Newsletter Editor Schork: Gas Prices May Hit $4 by Labor Day

By    |   Wednesday, 17 July 2013 06:13 PM

U.S. gasoline prices could hit $4 before Labor Day, as the recent surge in crude oil prices works its way down to the gas pump, says Stephen Schork, editor of The Schork Report, an energy newsletter.

"It all comes down to crude oil, and crude oil over the last month has risen $13 a barrel," Schork told Newsmax TV in an exclusive interview. "The general rule of thumb is retail gasoline increases 2.5 cents a gallon for every $1 rise in crude oil prices."

That means a 30- to 40-cent rise in gasoline prices prior to Labor Day, Schork says. The national average for regular unleaded gas stood at $3.66 a gallon Wednesday and "could be pushing up toward $4 by the end of this summer driving season," he said.

Watch our exclusive video. Article continues below.



The Nymex August crude contract settled at $106.48 a barrel Wednesday.

Three main factors are pushing crude prices higher now, Schork says.

First, there are supply-demand fundamentals. "Supply of crude oil in the United States over the last three weeks has dropped by a record 27 million barrels," he said. Meanwhile, demand is rising.

Editor’s Note: Put the World’s Top Financial Minds to Work for You

Second, "Wall Street investors are pulling their cash out of the natural gas market and putting it into the crude oil market," Schork said. "So as prices have risen, we've seen more money come into the market," sending prices even higher.

Finally, there's the political turmoil in Egypt, he says. That country doesn't produce any crude, but a significant amount is transported through it to the West.

Looking at a longer period, the government's pursuit of a weak-dollar policy over the past 12 years has buoyed crude prices, Schork says. "I'm a believer that action by the Federal Reserve, as it pertains to the direction of the dollar, is steeply correlated to the price of oil prices," he said.

"There is an inverse relationship. Given that oil prices are priced in those cheap dollars, there is an inherent pop in demand in other currencies. So it certainly does attract investors."

Fed policy is important enough that "I'll bet you the Federal Reserve has more of an impact on oil prices than OPEC does," Schork said.
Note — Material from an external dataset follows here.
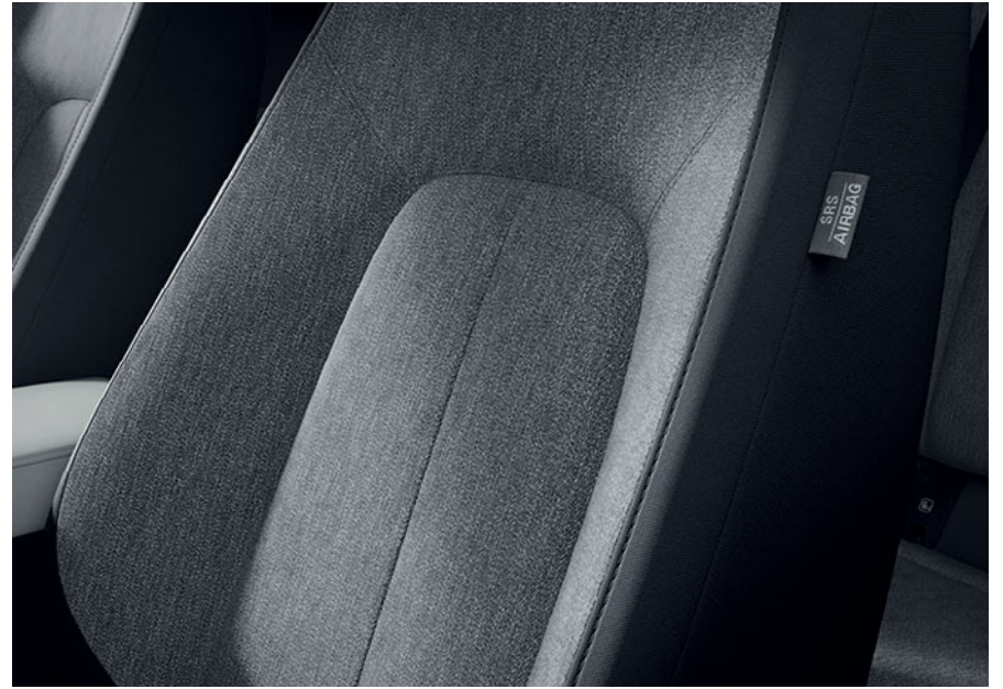
Tapicería de tela negra

The good news for consumers is that once gasoline hits $4 or so, it should come back down, Schork says. "Keep in mind … [that] by the end of the summer, refinery demand is starting to ebb on a seasonality basis," he said.

"After Labor Day, there's going to be less discretionary driving, demand will pull back. So this is going to be a short-term rise in price -- not fun for the consumer over the next six, seven weeks. But there is a light at the end of the tunnel."

Rising gas prices could put a damper on consumer spending, Schork says. Gas expenditures now account for 4 percent of household income. "If we start to push up that percentage to 4.5 or maybe 5 percent, well, that's an entire percentage point being taken out of spending elsewhere in the economy, . . . probably discretionary consumer goods."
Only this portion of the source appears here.